Seth Meyers takes a closer look at how the Trump camp is straight-up gaslighting us now
With Donald Trump’s cabal of advisors, family members, unqualified party planners, religious zealots, white supremacists, propagandists, and assorted shady characters all seemingly under investigation for various degrees of collusion with Russia (among other charges), it was only a matter of time before the hammer came down on Trump himself. With the appointment of infamously dogged Robert Mueller as special counsel on the whole Trump-Russia mess, that day seems to finally have come, what with the nation’s leader firing off this tweet (as the kids call it) in the early morning hours of this past Friday:
That’s pretty much unequivocal, right? President Donald Trump complaining about a “witch hunt” consisting of an official investigation of him, for obstruction of justice. Blammo. Except that, as Seth Meyers pointed out on last night’s Late Night, Trump is totally not under investigation, at least according to Jay Sekulow, one of the no doubt many, many lawyers Trump will employ for as long as he’s in office. Unless he is under investigation. Or unless no one can know for sure. For an explanation of this conundrum, look at the header image of CNN’s Jake Tapper, trying diligently to parse the bafflingly contradictory statements Sekulow made while making the TV rounds in an attempt to definitively state that his client, Donald Trump, is either under investigation, or not under investigation, or—in some quantum legal singularity—both or neither at the same time. Meyers described Tapper’s demeanor as that of a guy trying really hard to give one of those magic eye paintings the benefit of the doubt, but, in another clip, Tapper’s colleague, Fox News’ Chris Wallace, simply wasn’t having it.

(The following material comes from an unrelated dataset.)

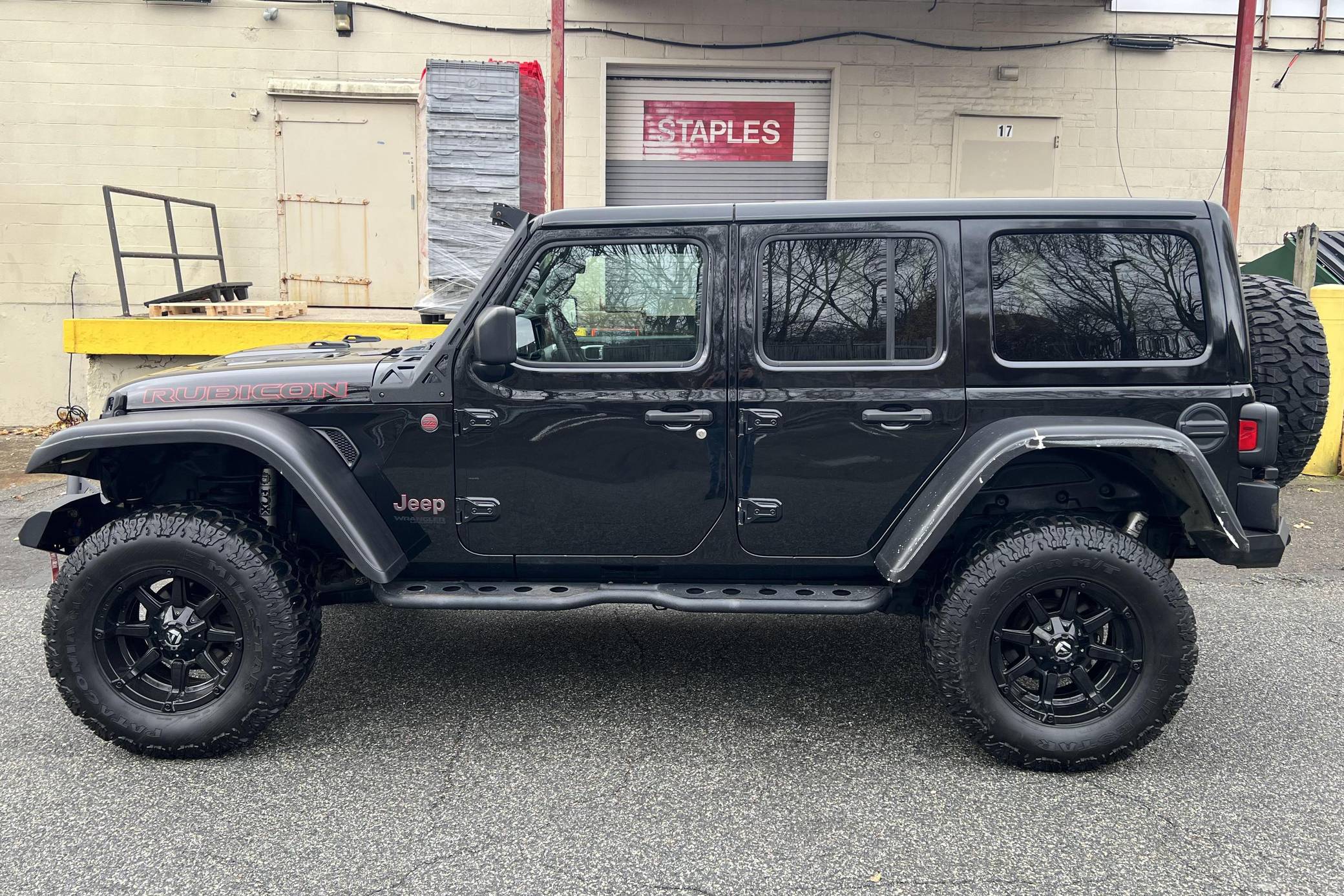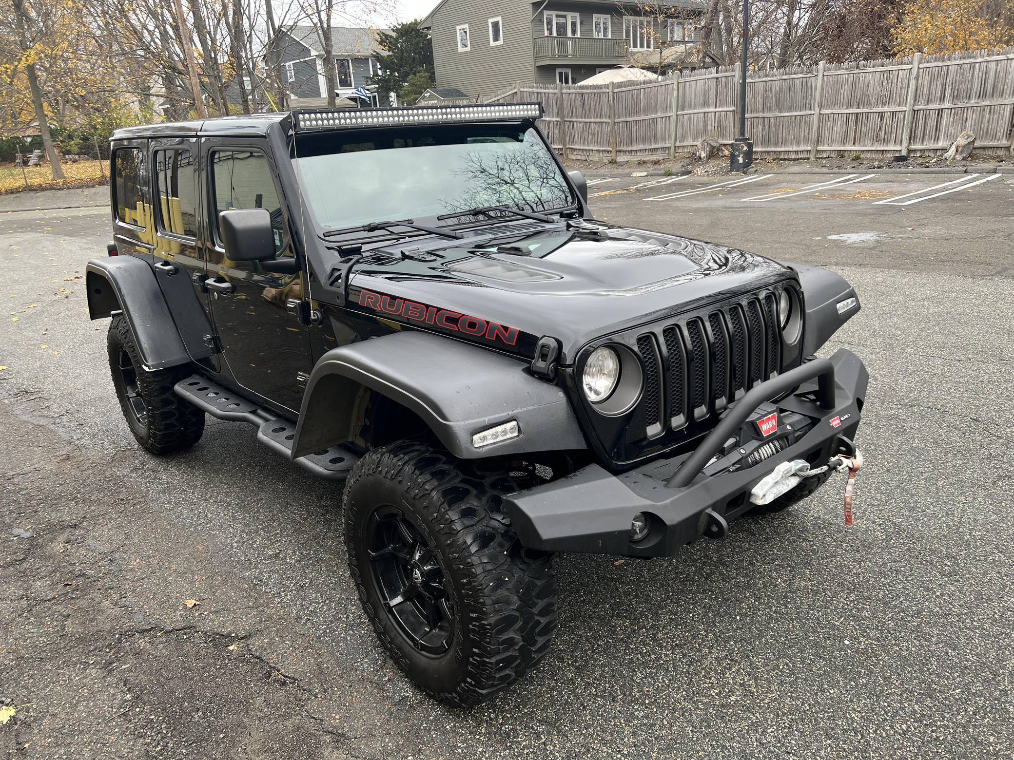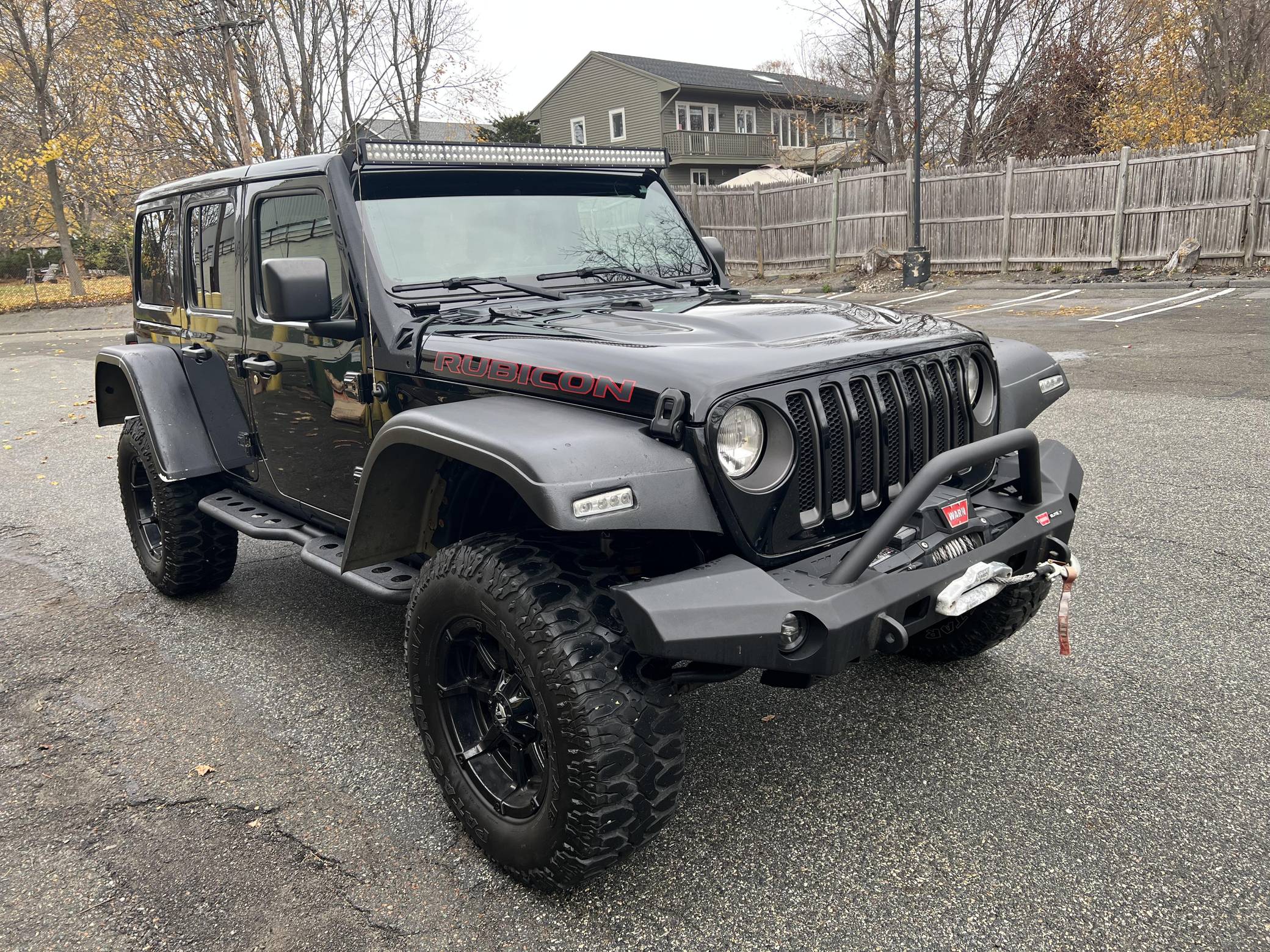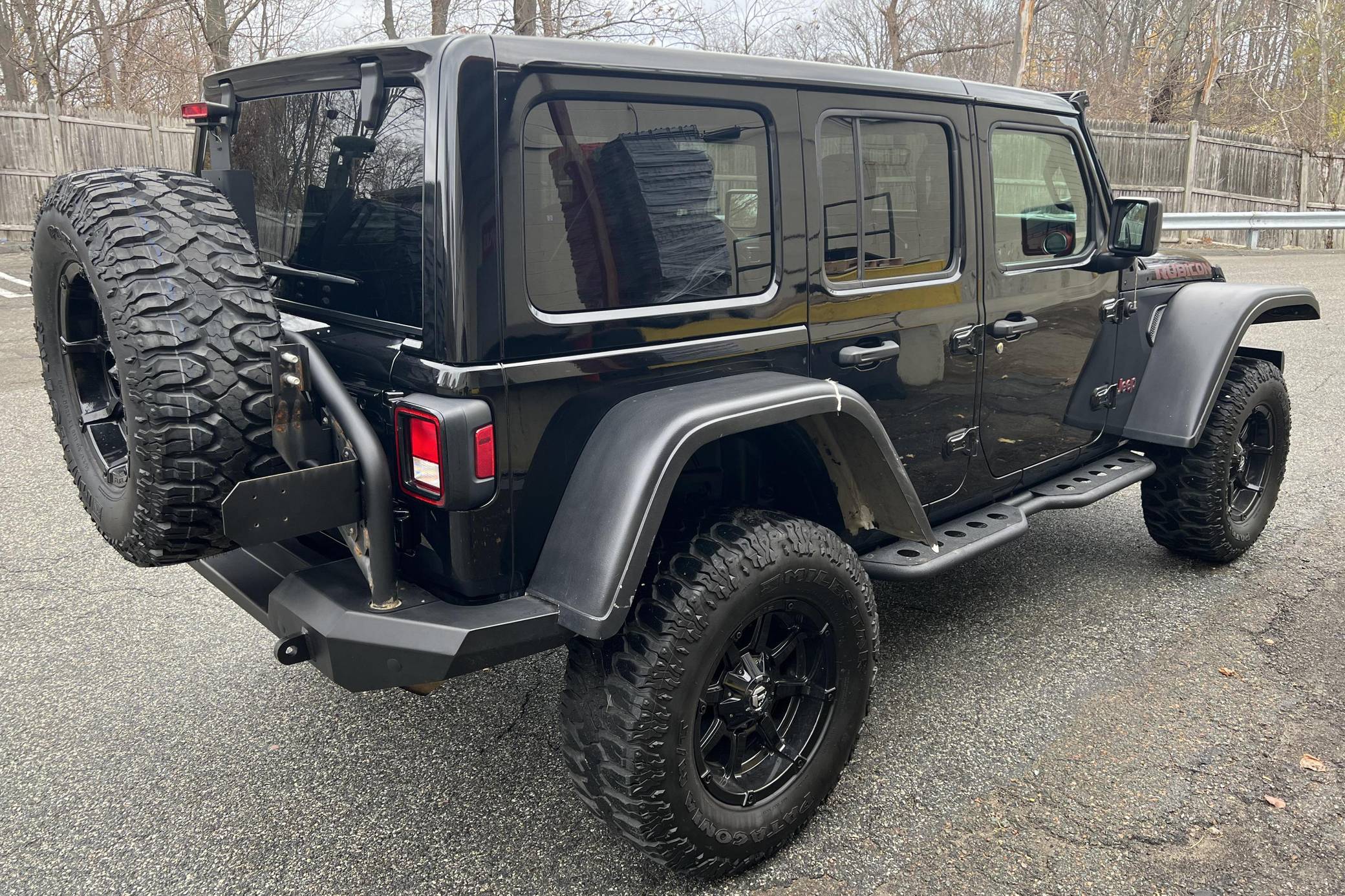THIS. . . is a 2018 Jeep Wrangler Unlimited Rubicon 4x4, finished in black with a black interior. It also confirms that it's a one-owner car. A partial list of notable equipment includes the Cold Weather and Electronic Infotainment System Groups, Dana 44 HD axles, Tru-Lok front and rear axles, a front disconnecting stabilizer bar, a performance suspension system with Fox shocks, skid plates, a 3-piece hardtop, leather upholstery, and automatic climate control. Modifications reported by the seller include 18-inch Fuel wheels with 35-inch Milestar Patagonia M/T tires, Warn bumpers, a Warn Zeon winch, a Warn spare tire mount, and aftermarket fender flares and side steps. Launched in 2018, the fourth-generation JL Wrangler featured an updated exterior and interior design as well as a new optional 8-speed automatic transmission. The off-road-ready Rubicon trim level came equipped with Dana 44 axles, a front stabilizer-bar disconnect system, electronic locking differentials, rock rails, and high-clearance fenders. Power comes from a 3. 6-liter "Pentastar" V6, rated at 285 horsepower and 260 lb-ft of torque. Output is sent to the rear or all four wheels via an 8-speed automatic transmission and Rock-Trac 4WD system.

After—to Wallace’s face, and knowing that he’s being recorded for posterity—Sekulow first admits that Trump is personally under investigation, then gets shirty when Wallace simply repeats back what Sekulow and Trump have both explicitly said, Wallace just locks his news-jaws onto the squirmy guy and won’t let him slither into his hastily constructed pile of double-speak. Sekulow (who Meyers aptly compares to Mr. Burns’ lawyer on The Simpsons in demeanor and appearance), sensing perhaps that he’s made a Trump-sized blunder on national TV, simply starts denying reality, calling up comparisons to another sweatily obstinate television lawyer/liar who imagines that “belligerent stonewalling” is the best debate tactic. (See clip starting at 3:40 below, although the whole sketch is pretty amazing.)
“Oh boy, this is weird,” exclaims the exasperated Chris Wallace in the end. Meyers, having shown how reportedly soon-to-be ex-press secretary Sean Spicer has repeatedly touted Trump’s tweets as the raw, unfiltered, presidential truth, similarly presents this latest debasement of all that is factual with the amused/horrified smile of one confronted, finally, with an administration where observable truth simply means nothing.